Your health check will be called frequently — every 30-60 seconds by monitoring tools, and potentially every few seconds by load balancers. It should complete in under 500ms. If a dependency check is slow (like an external API), set a short timeout (2-3 seconds) and report the dependency as degraded rather than blocking the entire response.

Don't expose sensitive information

The health check response should not include database connection strings, internal hostnames, stack traces, or error details that could help an attacker. Keep error messages generic: "Connection failed" is sufficient. "Connection to mysql://root:password@10.0.1.5:3306/prod failed" is a security vulnerability.

For extra protection, you can require an API key for the detailed health response and return a simplified version without component details for unauthenticated requests.

Separate liveness from readiness

In containerized environments (Kubernetes, ECS), there's an important distinction between "is the process alive?" (liveness) and "can it handle traffic?" (readiness). Consider implementing two endpoints:

  • /health/live — Returns 200 if the process is running. Used by the orchestrator to decide whether to restart the container.
  • /health/ready — Returns 200 only if all dependencies are available. Used by the load balancer to decide whether to route traffic to this instance.

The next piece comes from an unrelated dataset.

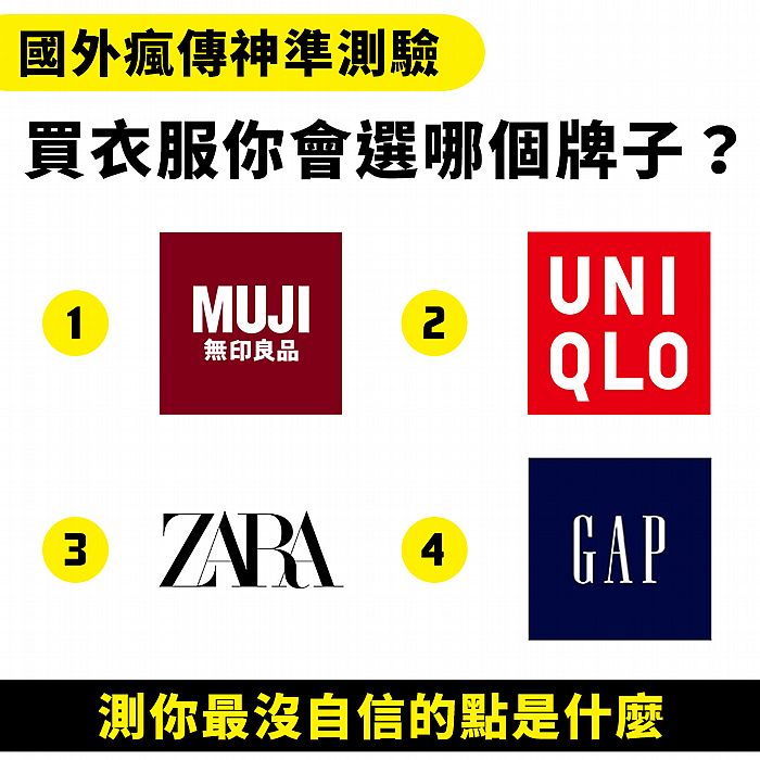 幾乎每個人都有特別偏愛的品牌,而如果要買衣服你會優先買上列哪一間品牌的衣服呢?測測看你最沒自信的點是什麼!

A service that's live but not ready (database connection lost during a failover, for example) should not receive traffic, but also shouldn't be killed — it may recover on its own once the dependency comes back.

Version your health check

Include your application version in the response. This is invaluable during deployments — if you see a spike in errors, you can immediately check whether the health endpoint is reporting the new version or the old one, helping you determine if the issue is related to the deploy.

Don't cache the response

Health checks should reflect the current state of the system, not a cached state from 5 minutes ago. Ensure your health endpoint bypasses any HTTP caching layers (set Cache-Control: no-cache, no-store headers) and doesn't cache dependency check results internally.

Connecting Your Health Check to Monitoring

Once your health endpoint is deployed, add it as an endpoint in PulseAPI:

  1. Set the URL to your health check endpoint (e.g., https://api.yourapp.com/health)
  2. Set the expected status code to 200
  3. Set the check interval to 1 minute
  4. PulseAPI will automatically create detection rules for HTTP errors and slow responses

If your health endpoint returns a 503, PulseAPI will detect the non-200 status code and trigger an alert through your configured notification channels. You'll know within a minute that a dependency is down — instead of finding out from a customer support ticket 30 minutes later.

For even deeper monitoring, consider adding separate PulseAPI checks for each critical dependency endpoint (your database admin panel's health route, your payment provider's status API, etc.). This gives you a clear picture of whether the problem is internal or external when something fails.

Key Takeaways

A health check endpoint that only verifies "the process is running" is almost useless. Build health checks that verify every critical dependency — database, cache, disk, external services — and return structured, machine-readable responses. Keep them fast, secure, and uncached. Then connect them to a monitoring tool that checks them continuously and alerts you when something goes wrong.

The 30 minutes you spend building a proper health check will save you hours of debugging during your next incident.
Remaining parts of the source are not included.